Giving Compass' Take:

• NaTakallam is an organization that pairs refugees with people who want to practice their language skills and displaced people can speak to K-12 classes about their experiences. 

• How can donors support refugee empowerment organizations and programming?

• Read about how this photographer tells refugee stories by taking photos of their possessions. 


In Jill Armstrong’s social studies classes, when students learn about other countries, they don’t just learn from textbooks and news articles, which she says can seem abstract and elusive to teenagers. Armstrong, who teaches at a high school in Eastern Kentucky, likes to weave in “that human aspect, because it makes it more real,” she says.

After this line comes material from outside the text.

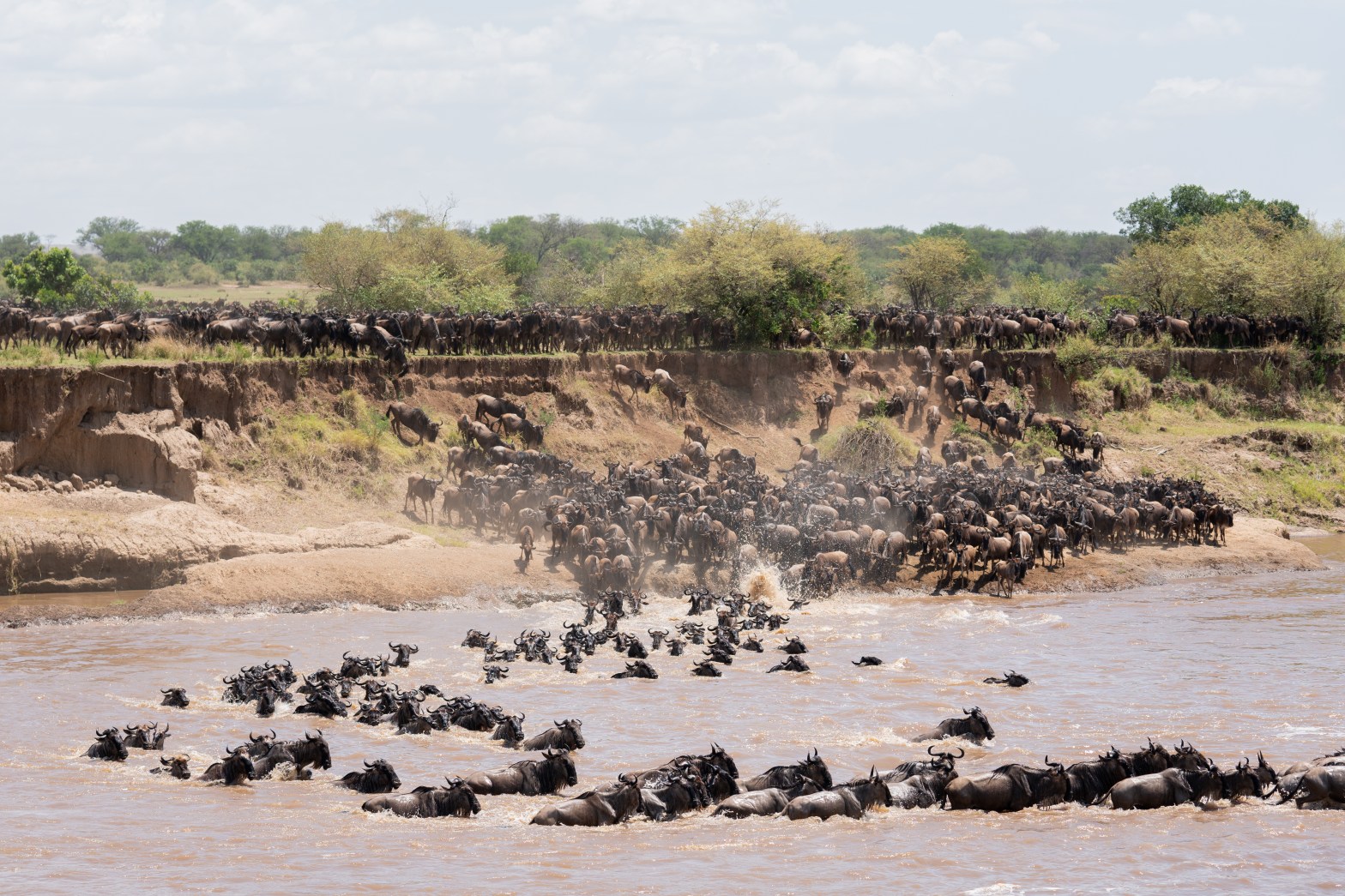 渡河的主角,角马,对水汽的嗅觉十分灵敏。当某个方向发生过降雨之后,雨水在阳光下蒸发,就会吸引角马群向这个方向迁徙。(所以大迁徙并不是稳定有序的画圈,而是马群被降雨牵着鼻子跑的过程)当降水集中在河的另一边,角马就会纷纷被水汽吸引到河边。当河岸上角马的数量越积越多,“堆积”的马群就会对河边的领队造成压力,最终迫使领头的角马纵身下水渡河。当然在这个等待的过程中,领队的角马也会非常谨慎的观察环境,选择渡口。水流,河岸的陡峭程度,渡口附近是否有危险比如鳄鱼等等,都会被仔细检查(所以等候的观光车都不能靠的太近)。一旦领队觉得有危险,就会带队走向下一个渡口(以及对岸成群结队等候的观光车)。

Case in point: About once a week for the last several months, Armstrong’s humanities students have participated in an hour-long conversation with Ghenwah Kharbeet, a 28-year-old Syrian refugee—only, the students are in class in the tiny town of Greenup, Ky., and Kharbeet is 5,000 miles away in Turkey.

During their time together, Kharbeet, whose face is projected on a SMART Board at the front of the classroom, urges the students to ask her anything, and they do.

“I really have become more passionate about global awareness and getting my students to see the world beyond what we have here, in Eastern Kentucky,” Armstrong says. “I tell them, you know, the whole concept of why we learn about other countries is to understand and be knowledgeable. You don’t have to agree. But it’s about understanding and learning and growing.”

Armstrong met Kharbeet through NaTakallam (Arabic for “we speak”), an organization that connects displaced persons with learners all over the world who want to practice their language skills or find out more about a different culture, then compensates them for their work.

NaTakallam was founded in 2015, when Aline Sara, a Lebanese-American graduate student at Columbia University, was struggling to find someone with whom she could practice her conversational Arabic.

Since then, NaTakallam has expanded to offer lessons in four different languages and has hired displaced persons from more than 10 countries, including Syria, Iran, Venezuela and the Democratic Republic of the Congo.